They got it wrong – again. Despite most opinion polls and forecasts stating that Hilary Clinton would beat Donald Trump in the US presidential election, the reverse happened. Of course, you could argue that the pollsters were dead-on correct: polls called a tight race with Clinton shading it, and that's exactly what happened – Clinton won the popular vote, after all – but Trump routed her in terms of electoral votes.
But in-depth polls were also done state-by-state, not least by pollster guru Nate Silver at FiveThirtyEight, who calculated that Trump had just a 29% chance of winning. Conservative voters were hugely underestimated, but how?
So did 'shy' Trump voters lie to pollsters? Are forecasts based on the wrong data? And can new technology – some of it from a shell-shocked Silicon Valley – help breathe new life into an industry that's now in severe danger of being discredited?
How do opinion polls work?
Opinion polls are all about extrapolating trends from a relatively small data sample. The pollster asks people how they intend to vote, or how they did just vote, and algorithms are applied to create a demographically balanced national picture.
In a country of 231 million potential voters – although around 100 million don't actually vote – it's always going to be based as much on assumptions as on actual data. Key to this is voter turnout, which is very hard to predict; there's simply no data on it until after election day.
"The challenge of making any prediction from data is to make sure that the data is representative," says Matt Jones, Analytics Strategist at data science consultancy Tessella. "Traditional statistical analysis of polling data and surveys will only be representative of those that bothered to take part, and that section of the voting population is not representative."
Polls are given huge gravitas by the media to the extent that they can be decisive in whether people bother to vote or not – so they can swing an election.
Machine learning is already used when running election predictions. It's part of standard statistical analysis. "As for any statistical analysis the single most critical factor is the amount of data available on which to run your algorithms, base your predictions," says Claus Jepson, Chief Architect at Unit4. "As of today the data set available is simply too limited to offer precise predictions, making it necessary to include human interpretations – hence making the predictions biased.”
For example, pollsters decide how much statistical weight to give to how many historical election results. “At some point in time the data available will be large enough for algorithms to effectively predict, less biased, outcomes based on polls," thinks Jepson.
Social media and sentiment analysis
Some of that 'new' data is from social media, which looks set to become a fresh tool for pollsters looking to track changing opinions. "The use of ‘social listening’ of social media conversations and behaviour may have been an early warning of possible contradictions from official polls," says Mark Skilton, Professor of Practice in the Information Systems & Management Group at Warwick Business School.
This is the science of sentiment analysis – when people write things in Twitter and Facebook posts, it's possible to extract positive, negative, or neutral attitudes.
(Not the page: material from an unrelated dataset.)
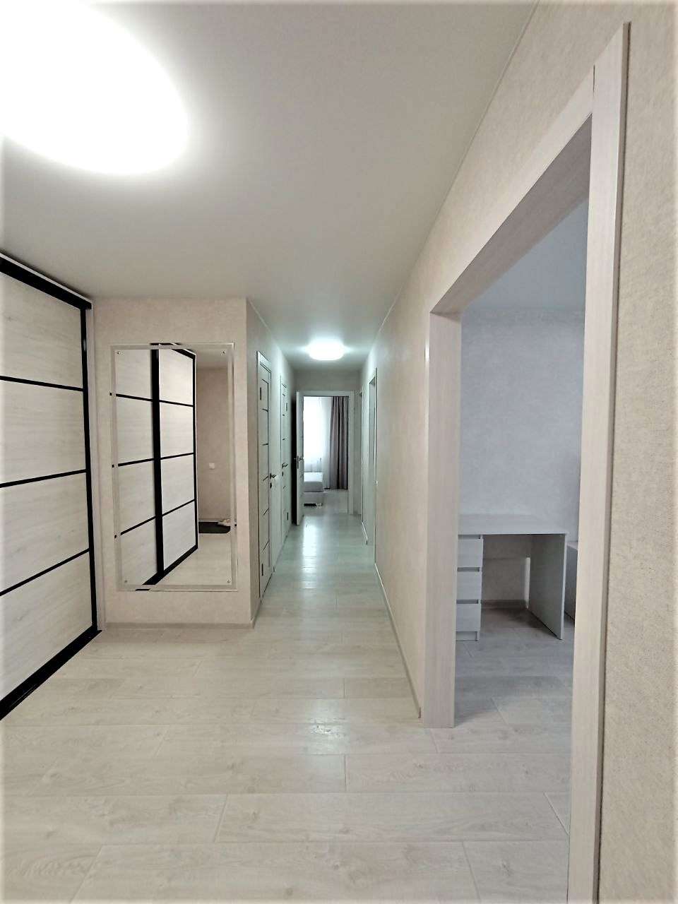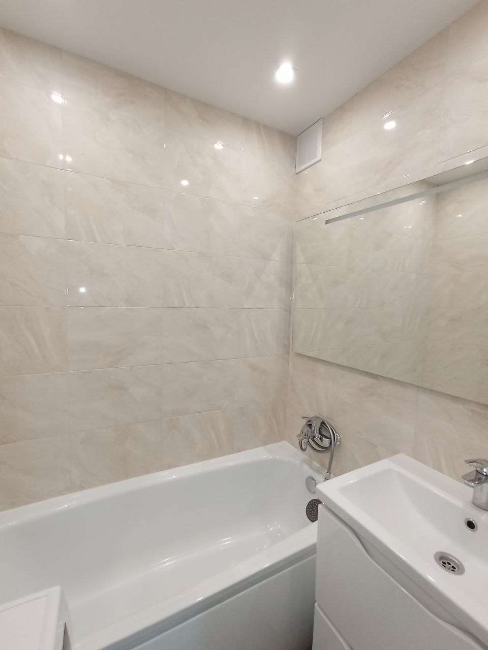 В квартире проведен качественный ремонт: современная плитка в ванной и санузле, гигиенический душ и умывальник в санузле, качественный ламинат в комнатах, натяжные потолки с диодным освещением. Заменена вся электропроводка на медную с УЗО, сделана стяжка пола.

No one is suggesting that pollsters just use Twitter to predict elections, but it can be used to improve a purely statistical model by adding a vital dynamic dimension.
For example, BJSS SPARCK analysed 14 million tweets before the election and correctly predicted the outcome, uncovering that seven out of every ten tweets sent in the last four weeks of the campaign were in favour of Trump.
"When they use social media, people become less guarded about their true social and political affiliations," says Simon Sear, Practice Leader of BJSS SPARCK. "Their language becomes unfiltered, they ‘like’ content that appeals to them and follow people and organisations which represent their values … contrast that with having to admit embarrassing sentiment and intentions to a potentially judgemental human pollster."